Hi @charlesfoster @rob-p ! Did you manage to find a solution to this? Is there something we can fix in the pipeline?
$ find . -name "gentrome.fa" -exec ls -ltrh {} ; -rw-rw-r-- 1 cfos cfos 3.4G Feb 22 11:49 ./work/a6/dbb86d0e4a92af341697e2c6163f28/gentrome.fa -rw-rw-r-- 1 cfos cfos 3.4G Feb 22 12:12 ./work/dc/1a9f314d55dbf332d8113ea557f807/gentrome.fa
From the .nextflow.log you uploaded it looks like the SALMON_INDEX process failed initially and was automatically re-submitted by the pipeline. Hence why that file appears twice:
Feb.-22 12:12:24.105 [Task monitor] INFO nextflow.processor.TaskProcessor - [a6/dbb86d] NOTE: Process `NFCORE_RNASEQ:RNASEQ:PREPARE_GENOME:SALMON_INDEX (genome.transcripts.fa)` terminated with an error exit status (139) -- Execution is retried (1)
Feb.-22 12:12:24.110 [Task submitter] DEBUG n.executor.local.LocalTaskHandler - Launch cmd line: /bin/bash -ue .command.run
Feb.-22 12:12:24.111 [Task submitter] INFO nextflow.Session - [dc/1a9f31] Re-submitted process > NFCORE_RNASEQ:RNASEQ:PREPARE_GENOME:SALMON_INDEX (genome.transcripts.fa)
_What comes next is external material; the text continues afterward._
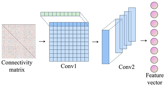The input of the representation learning module is the functional connection matrix, and the physiological meaning is the brain functional network. There are obvious differences between the data structure and the picture, mainly reflected in the fact that the functional connection matrix is a non-Euclidean space and the picture is a Euclidean space. In the Euclidean space of the picture, the neighbors of a pixel are the surrounding pixels in space, so the convolution nuclear energy in the two-dimensional form gathers the information in the neighborhood domain. However, in the functional connection matrix, the neighbor nodes of the target node are not always adjacent in space, so the convolution kernel in two-dimensional form cannot guarantee that all the gathered information comes from the neighbor domain of the target node. This can lead to a mixture of features from different brain regions, which is not conducive to the analysis of important brain regions. The topology of the functional connection matrix is characterized by the fact that each row in the matrix represents the correlation between the brain region corresponding to that row and all the other brain regions. When the functional connection matrix is regarded as a brain functional network, a row in the matrix can also be used as the correlation between the target node and its neighbor node. Therefore, we designed the CNN (1D) representation learning module. The convolution kernel is one-dimensional and contains the same number of weights as the number of brain regions, so that the receptive field of the convolution kernel is exactly a row of the functional connection matrix, which can imitate the interaction between the target brain region and all other brain regions in the row. In this way, each convolution operation gathers the information of the neighbor domain of the target brain region, and the convolution results of each brain region are not mixed with each other, which is conducive to the final analysis of important brain regions. The CNN (1D) consists of two convolutional layers and one fully connected layer, as shown in Figure 4.

I have the same issue that lead me here, timeout at the NFCORE_RNASEQ:RNASEQ:QUANTIFY_SALMON:SALMON_QUANT step. The last logs read:
[2023-04-27 07:37:49.110] [jointLog] [info] done
--
[2023-04-27 07:37:49.213] [jointLog] [info] Index contained 126 targets
[2023-04-27 07:37:49.213] [jointLog] [info] Number of decoys : 1
[2023-04-27 07:37:49.213] [jointLog] [info] First decoy index : 125
Using Salmon 1.9.0 and the test input data:
// Input data
input = 'https://raw.githubusercontent.com/nf-core/test-datasets/rnaseq/samplesheet/v3.10/samplesheet_test.csv'
// Genome references
fasta = 'https://github.com/nf-core/test-datasets/raw/rnaseq/reference/genome.fasta'
gtf = 'https://github.com/nf-core/test-datasets/raw/rnaseq/reference/genes.gtf.gz'
gff = 'https://github.com/nf-core/test-datasets/raw/rnaseq/reference/genes.gff.gz'
transcript_fasta = 'https://github.com/nf-core/test-datasets/raw/rnaseq/reference/transcriptome.fasta'
additional_fasta = 'https://github.com/nf-core/test-datasets/raw/rnaseq/reference/gfp.fa.gz'
bbsplit_fasta_list = 'https://github.com/nf-core/test-datasets/raw/rnaseq/reference/bbsplit_fasta_list.txt'
hisat2_index = 'https://github.com/nf-core/test-datasets/raw/rnaseq/reference/hisat2.tar.gz'
salmon_index = 'https://github.com/nf-core/test-datasets/raw/rnaseq/reference/salmon.tar.gz'
rsem_index = 'https://github.com/nf-core/test-datasets/raw/rnaseq/reference/rsem.tar.gz'
Running on AWS batch
Anyone found a potential cause for this issue? Weird that the index works fine for some samples and not others. Unfortunately, I will need some way of reproducing on my end or a suggestion for a fix to deal with this in the pipeline.
Please upgrade to salmon >=1.10. It fixes a rare but persistent segmentation fault in the index construction of some references.
Thanks! Latest version of the pipeline (v3.11.2) uses a compatible version: https://github.com/nf-core/rnaseq/blob/5671b65af97fe78a2f9b4d05d850304918b1b86e/modules/nf-core/salmon/quant/main.nf#L5
Be awesome if you can test @charlesfoster @jambler24 and let me know if you still have the same issue.
I think that since the error looks fixed from our end and we've had no response from the OP in a year we can consider this one sorted. Please reopen if that's not the case.